Saturday, November 28, 2009

Boulder Hi & Boulder Lo

Behind Pager's house is a lilac garden that Travis created in 1999 in memory of Grandma. Here is Pager standing in the lilac garden in May 2006:

Note Bill's sugarhouse in the background. The thing in the center of the lilac garden is a potash kettle.

The subject of this post is the small building next to the lilac garden. Here are two better photos of the building. The first was taken in June 2000 when the lilac garden was young (and the sun was shining), and the second was taken yesterday (in the rain):


This building has an interesting history. It is currently used for storage. I can remember when we raised chickens in it. During World War II it sat on the hill above the Boyden Farm — Pager says it was intended to be a place where someone could stay to guard the electric power line from saboteurs, but it was never manned. Originally, however, this little building was a tourist cabin at the Big Spring in Smugglers Notch:

The Big Spring is still there, but without any sign or buildings (only a small parking lot). It is opposite the beginning of the Hell Brook Trail. In the 1930s there was a tourist attraction here called Boulder Cabin, and it included tourist cabins. The building behind Pager's house is one of the tourist cabins.

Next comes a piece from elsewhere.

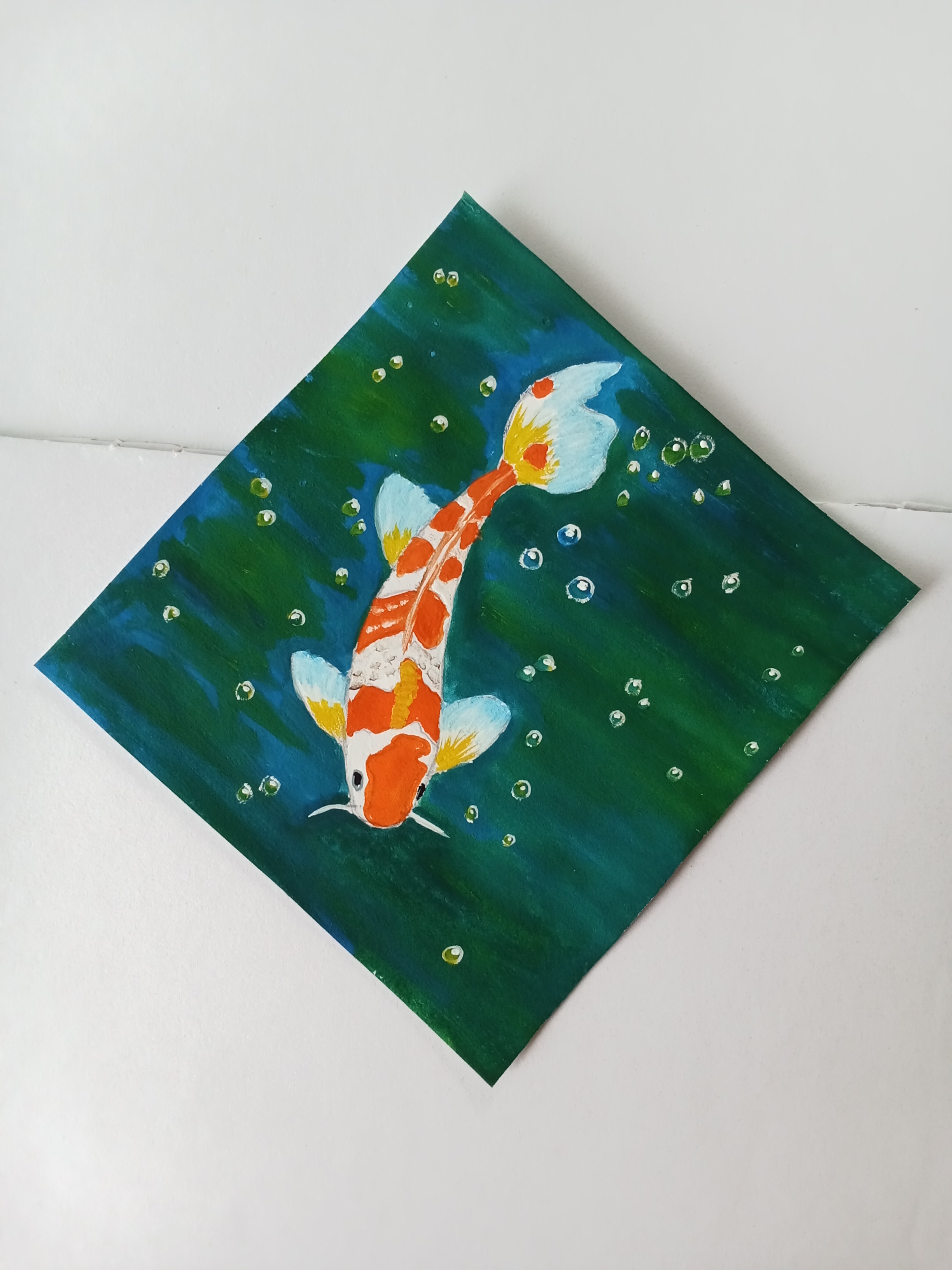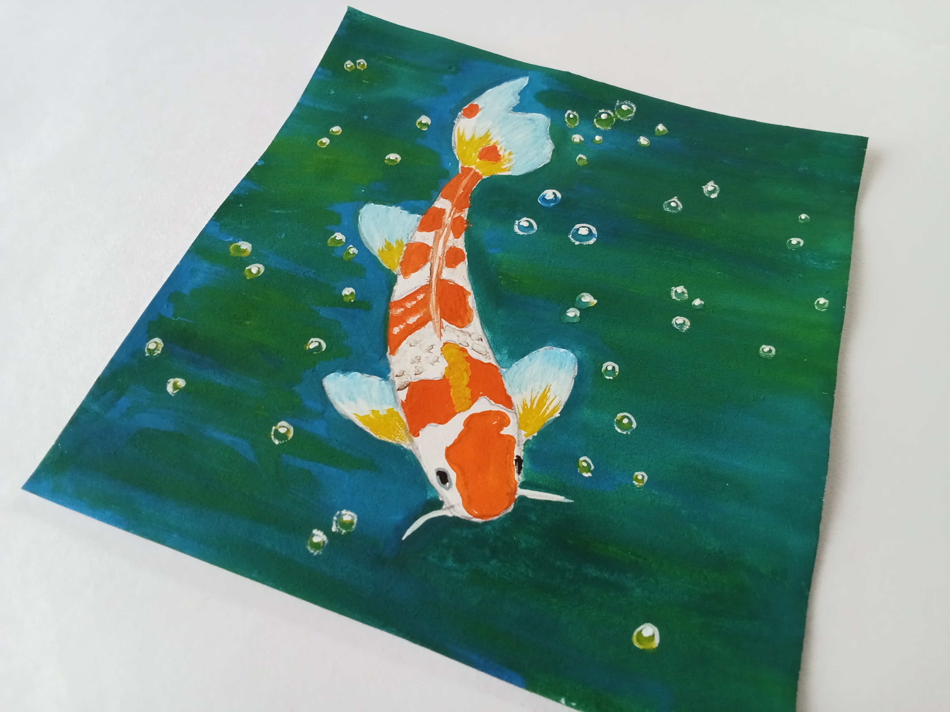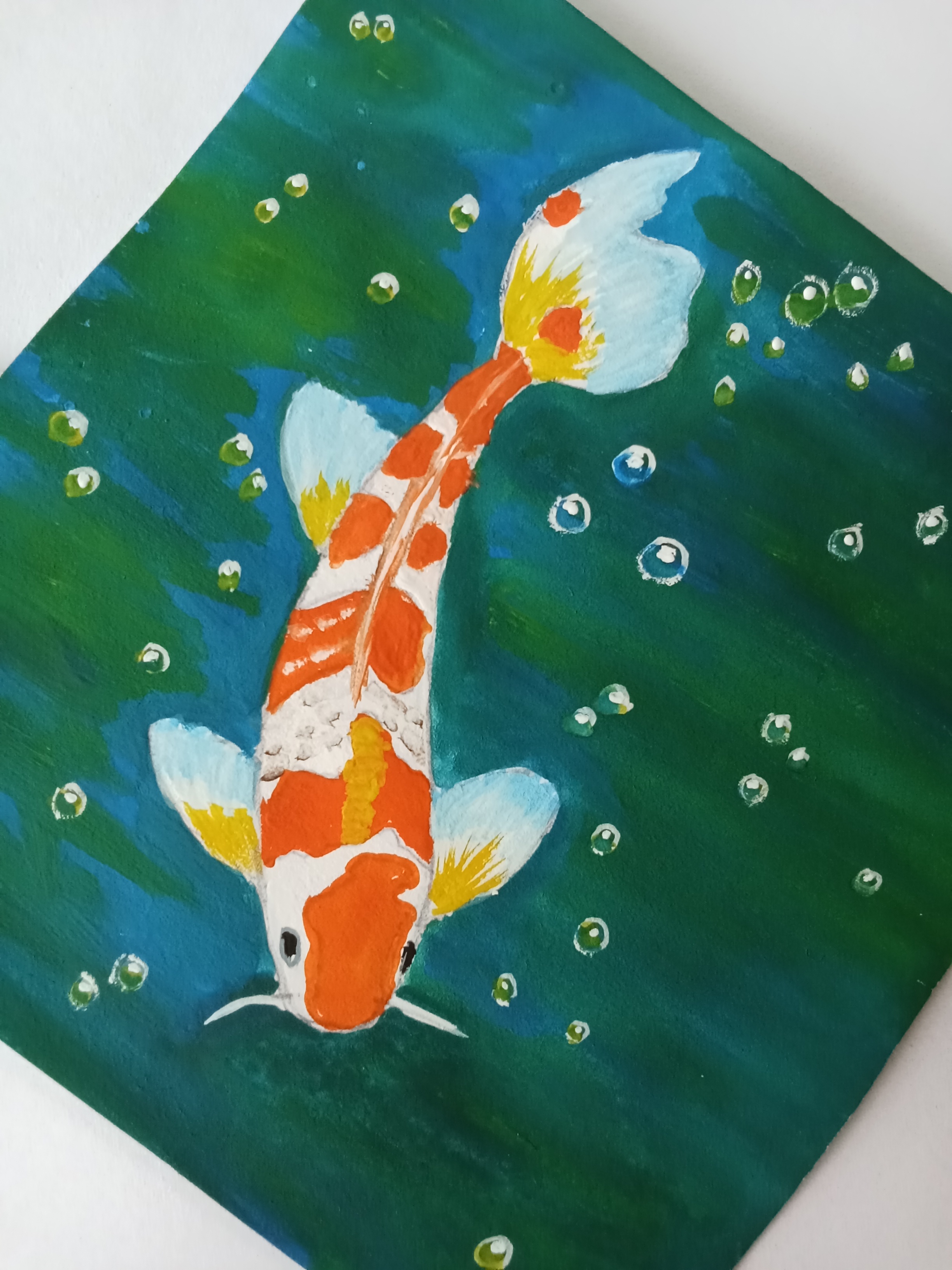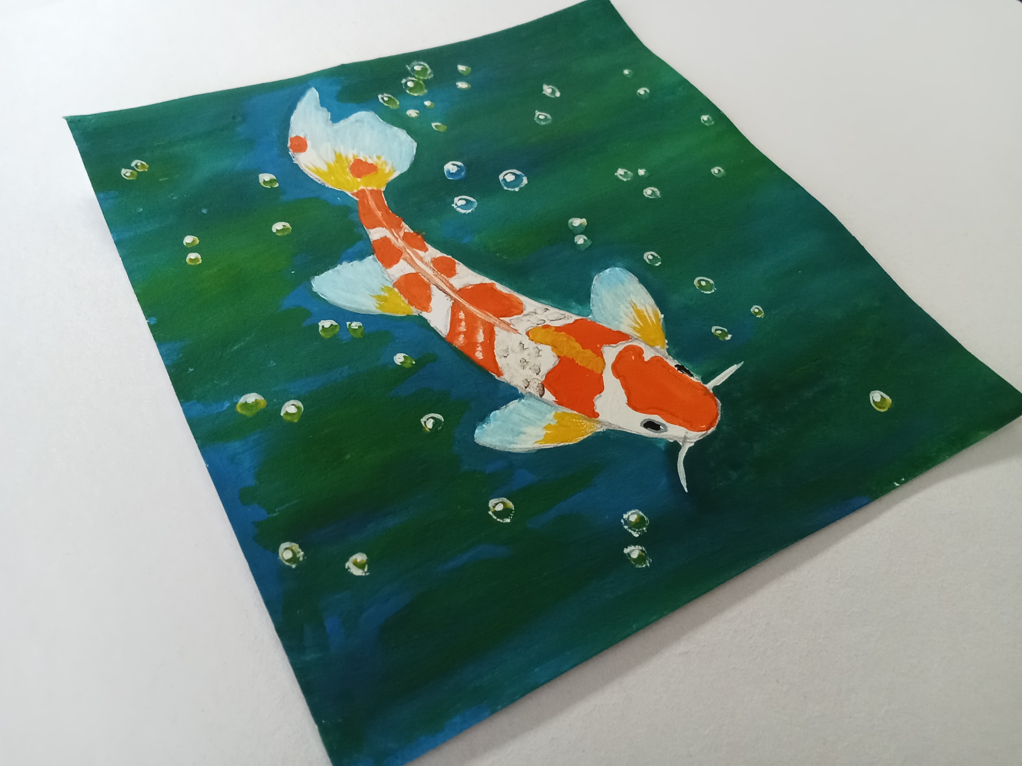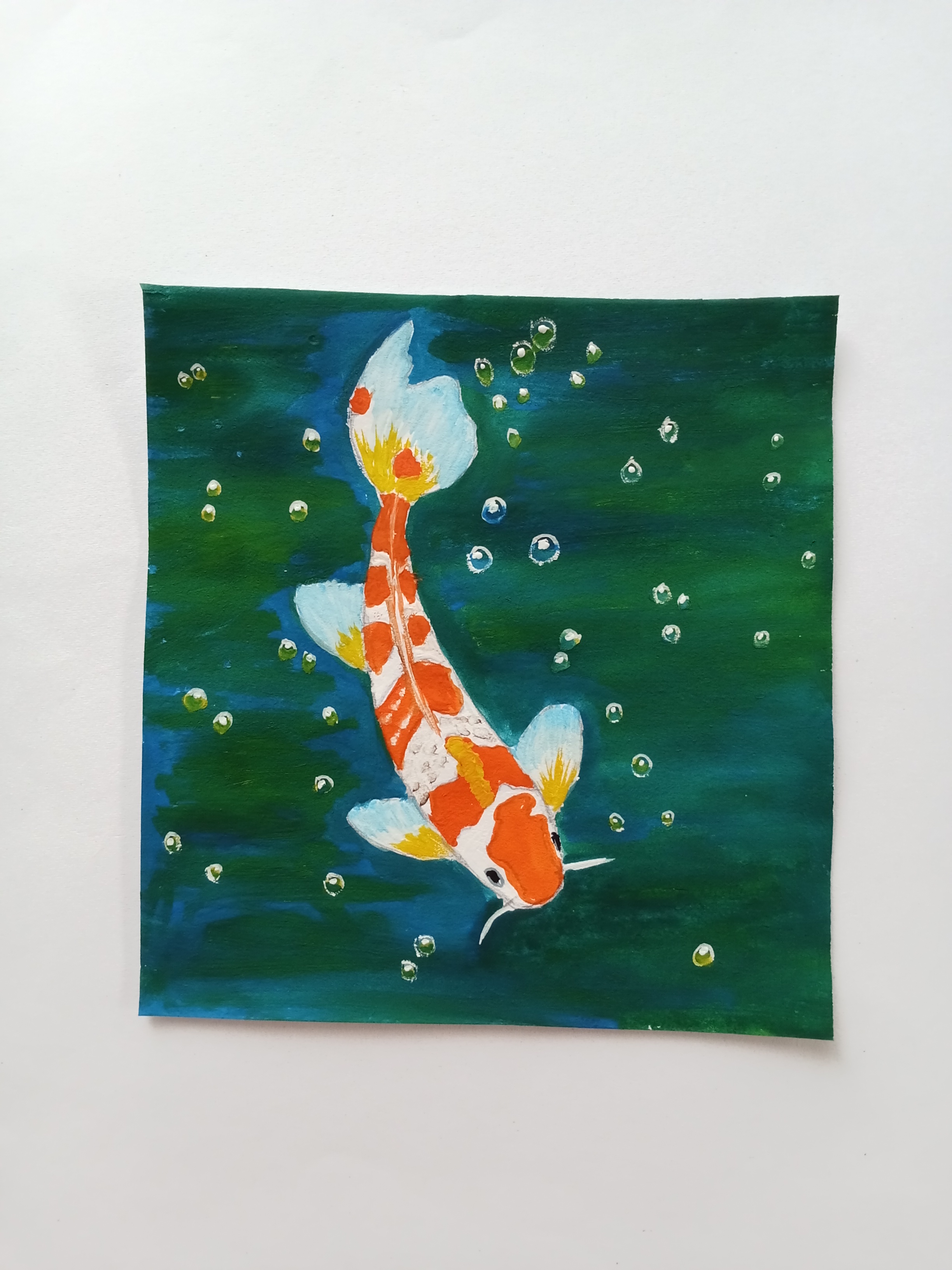 Today, I draw a fish. It is an orange and white fish and I also draw water bubbles. I paint this picture with watercolor and I think it is beautiful..

Pager talks about two tourist cabins: Boulder-Hi and Boulder-Lo. But apparently there was also Boulder-Ette and Boulder-Ite as well as a main building named Boulder Cabin. Here is an advertisement that was reprinted by the Cambridge Historical Society in 2006:

The advertisement does not say so, but Pager says the tourist attraction included a stocked trout pond fed by the Big Spring. Overnight guests could catch their dinner and have it cooked for them. (Confirmed in this book, p. 52.)

Boulder Cabin was run by Pearl Shafer and her husband. Before this area of Smugglers Notch was added to the Mount Mansfield State Forest in 1940, it was owned by L.S. Morse, a Cambridge lumberman and mill owner. Pearl was Mr. Morse's daughter. (The area where Smugglers Notch Resort is located was known as Morses Mill. The building now housing the restaurant Stella Notte was a boarding house for the sawmill workers.)

Here is a slightly damaged photo of two of the four tourist cabins at the Big Spring:

On the left is Boulder-Ite, and on the right is Boulder-Lo. Alas, we don't know which one of the four tourist cabins is the one behind Pager's house.

On the back of the building are these 1949 Vermont license plates:

Pager says the cabin came to the farm from the hill near Boydens in 1946.